Why Law School is Different
Law school is widely recognized as one of the most stressful academic environments. Research consistently shows that law students experience significantly higher rates of anxiety, depression, and substance use than the general population — and even compared to other graduate and professional school cohorts.
If the law student in your life seems different than before — more withdrawn, more irritable, less like themselves — it may not simply be the pressure of exams. The culture of law school itself can be deeply challenging: hyper-competitive grading systems, fear of public humiliation through the Socratic method, uncertainty about career outcomes, and the pressure to appear confident and capable at all times.
Signs to Watch For
You may not always be able to tell if a law student is struggling. They are often trained to project competence. However, some signs that something may be wrong include:
- Increased isolation or withdrawal from family and social contact
- Expressing hopelessness about their future or their ability to succeed
- Changes in sleep, eating habits, or physical appearance
- Increased use of alcohol or other substances
- Expressions of feeling like a fraud or not belonging ("impostor syndrome")
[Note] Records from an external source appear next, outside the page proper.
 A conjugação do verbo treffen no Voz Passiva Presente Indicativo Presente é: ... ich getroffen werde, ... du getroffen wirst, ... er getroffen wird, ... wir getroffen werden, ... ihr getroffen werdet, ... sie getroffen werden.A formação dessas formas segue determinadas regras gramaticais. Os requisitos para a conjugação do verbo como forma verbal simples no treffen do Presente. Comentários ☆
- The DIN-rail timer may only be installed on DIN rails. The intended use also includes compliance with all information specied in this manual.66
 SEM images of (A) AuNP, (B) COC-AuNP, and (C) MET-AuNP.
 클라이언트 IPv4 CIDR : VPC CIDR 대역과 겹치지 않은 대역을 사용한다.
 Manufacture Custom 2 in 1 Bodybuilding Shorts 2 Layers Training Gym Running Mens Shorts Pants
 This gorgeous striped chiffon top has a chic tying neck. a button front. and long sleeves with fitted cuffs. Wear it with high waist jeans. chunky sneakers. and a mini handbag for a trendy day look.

- Crying, irritability, or emotional outbursts that seem out of character
- Talking about quitting or that nothing matters anymore
How to Start the Conversation
One of the most important things you can do is simply ask. Many people worry that asking someone directly about their mental health will upset them or make things worse. Research shows the opposite: asking demonstrates care and opens the door for honest conversation.
Try saying something like:
- "I've noticed you seem really stressed lately. I just want you to know I'm here for you."
- "You don't have to pretend everything is fine around me."
- "Is there anything I can do — even just listening — that would help right now?"
- "Have you been able to talk to anyone at your school about how you're feeling?"
What Not to Say
Even with the best intentions, certain responses can make a struggling student feel more isolated or misunderstood. Try to avoid:
- "You chose this — you knew it would be hard."
- "Just push through. Everyone finds it tough."
- "You should be grateful. This is a great opportunity."
- "Have you tried just relaxing more?"
- "You're so smart, you'll be fine."
These responses, even when intended to motivate, tend to minimize the student's experience and discourage them from seeking help.
Practical Ways to Help
- Maintain regular, low-pressure contact — even a brief text message lets them know they are not forgotten.
- Offer concrete help (cooking a meal, helping with errands) rather than open-ended offers like "let me know if you need anything."
- Respect boundaries around law school topics — sometimes they need a space free of law school talk.
- Celebrate non-academic achievements and remind them their worth is not measured by grades.
- Gently encourage professional support if you notice persistent symptoms — offer to help them find resources.
Taking Care of Yourself Too
Supporting someone who is struggling can be emotionally exhausting, particularly when you feel helpless. It is important to acknowledge that you cannot be responsible for their mental health — only they can make the choices that lead to change, and only with the right professional support.
Set realistic expectations for what you can offer, and if you are finding their situation very difficult to manage, speaking with a counsellor yourself is a sign of strength, not failure.